*** PROVIDED INFORMATION ***

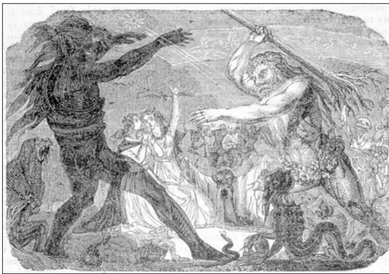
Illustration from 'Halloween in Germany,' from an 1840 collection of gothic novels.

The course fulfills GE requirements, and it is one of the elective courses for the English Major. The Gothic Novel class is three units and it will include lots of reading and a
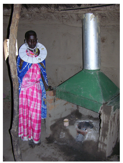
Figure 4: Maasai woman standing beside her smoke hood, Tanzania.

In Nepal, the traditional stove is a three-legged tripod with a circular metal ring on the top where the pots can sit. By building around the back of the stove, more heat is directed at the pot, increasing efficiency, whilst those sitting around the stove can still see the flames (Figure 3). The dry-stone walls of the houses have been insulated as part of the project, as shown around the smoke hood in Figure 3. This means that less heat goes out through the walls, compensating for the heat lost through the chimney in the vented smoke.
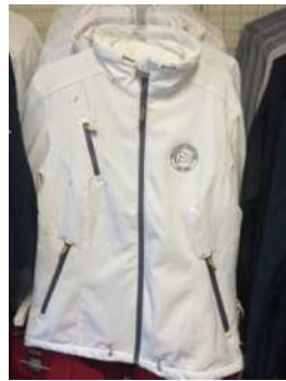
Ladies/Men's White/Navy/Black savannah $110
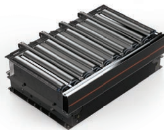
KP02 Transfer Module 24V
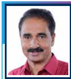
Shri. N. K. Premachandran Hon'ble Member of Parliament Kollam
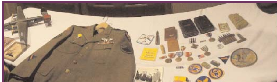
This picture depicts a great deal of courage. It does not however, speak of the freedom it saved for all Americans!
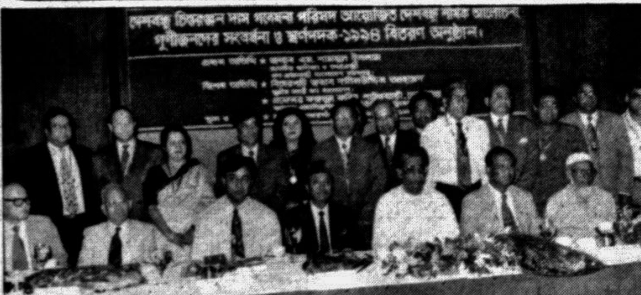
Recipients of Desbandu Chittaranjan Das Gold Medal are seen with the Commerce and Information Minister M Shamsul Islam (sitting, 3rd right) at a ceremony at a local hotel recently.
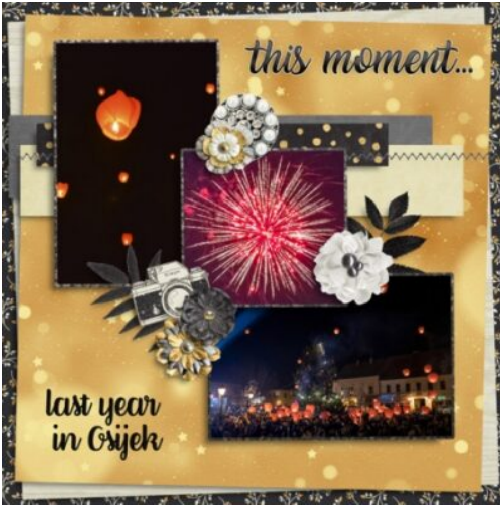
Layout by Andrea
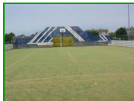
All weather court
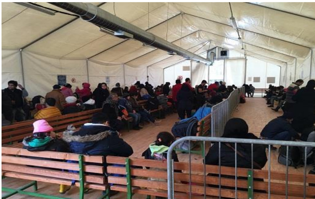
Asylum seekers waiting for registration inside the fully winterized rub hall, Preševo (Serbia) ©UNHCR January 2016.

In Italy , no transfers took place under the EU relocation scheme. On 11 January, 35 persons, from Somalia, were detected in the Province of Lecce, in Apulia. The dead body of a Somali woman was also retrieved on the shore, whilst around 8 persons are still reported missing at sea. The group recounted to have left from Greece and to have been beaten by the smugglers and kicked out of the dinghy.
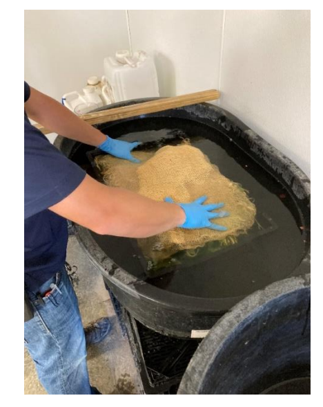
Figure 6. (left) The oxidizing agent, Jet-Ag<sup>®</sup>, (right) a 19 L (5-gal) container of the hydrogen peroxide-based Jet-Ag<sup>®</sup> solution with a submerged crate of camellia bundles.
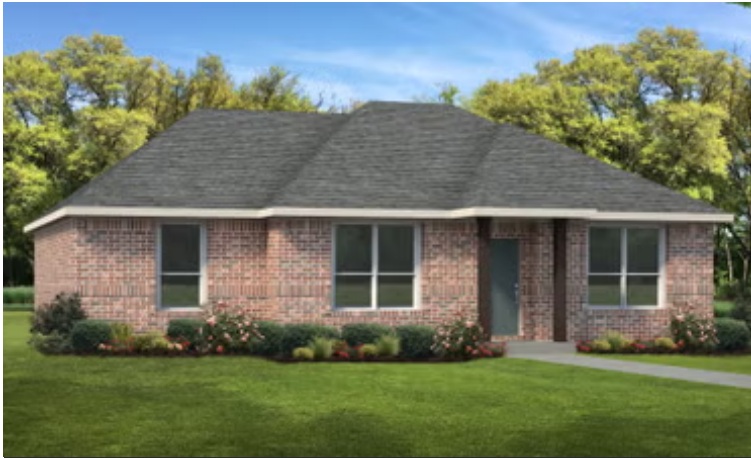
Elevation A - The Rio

***

— TASK TO CARRY OUT —
Please set down the records above verbatim, with each picture left out.

— PROBLEM SOLUTION —
Illustration from 'Halloween in Germany,' from an 1840 collection of gothic novels.

The course fulfills GE requirements, and it is one of the elective courses for the English Major. The Gothic Novel class is three units and it will include lots of reading and a
Figure 4: Maasai woman standing beside her smoke hood, Tanzania.

In Nepal, the traditional stove is a three-legged tripod with a circular metal ring on the top where the pots can sit. By building around the back of the stove, more heat is directed at the pot, increasing efficiency, whilst those sitting around the stove can still see the flames (Figure 3). The dry-stone walls of the houses have been insulated as part of the project, as shown around the smoke hood in Figure 3. This means that less heat goes out through the walls, compensating for the heat lost through the chimney in the vented smoke.
Ladies/Men's White/Navy/Black savannah $110
KP02 Transfer Module 24V
Shri. N. K. Premachandran Hon'ble Member of Parliament Kollam
This picture depicts a great deal of courage. It does not however, speak of the freedom it saved for all Americans!
Recipients of Desbandu Chittaranjan Das Gold Medal are seen with the Commerce and Information Minister M Shamsul Islam (sitting, 3rd right) at a ceremony at a local hotel recently.
Layout by Andrea
All weather court
Asylum seekers waiting for registration inside the fully winterized rub hall, Preševo (Serbia) ©UNHCR January 2016.

In Italy , no transfers took place under the EU relocation scheme. On 11 January, 35 persons, from Somalia, were detected in the Province of Lecce, in Apulia. The dead body of a Somali woman was also retrieved on the shore, whilst around 8 persons are still reported missing at sea. The group recounted to have left from Greece and to have been beaten by the smugglers and kicked out of the dinghy.
Figure 6. (left) The oxidizing agent, Jet-Ag<sup>®</sup>, (right) a 19 L (5-gal) container of the hydrogen peroxide-based Jet-Ag<sup>®</sup> solution with a submerged crate of camellia bundles.
Elevation A - The Rio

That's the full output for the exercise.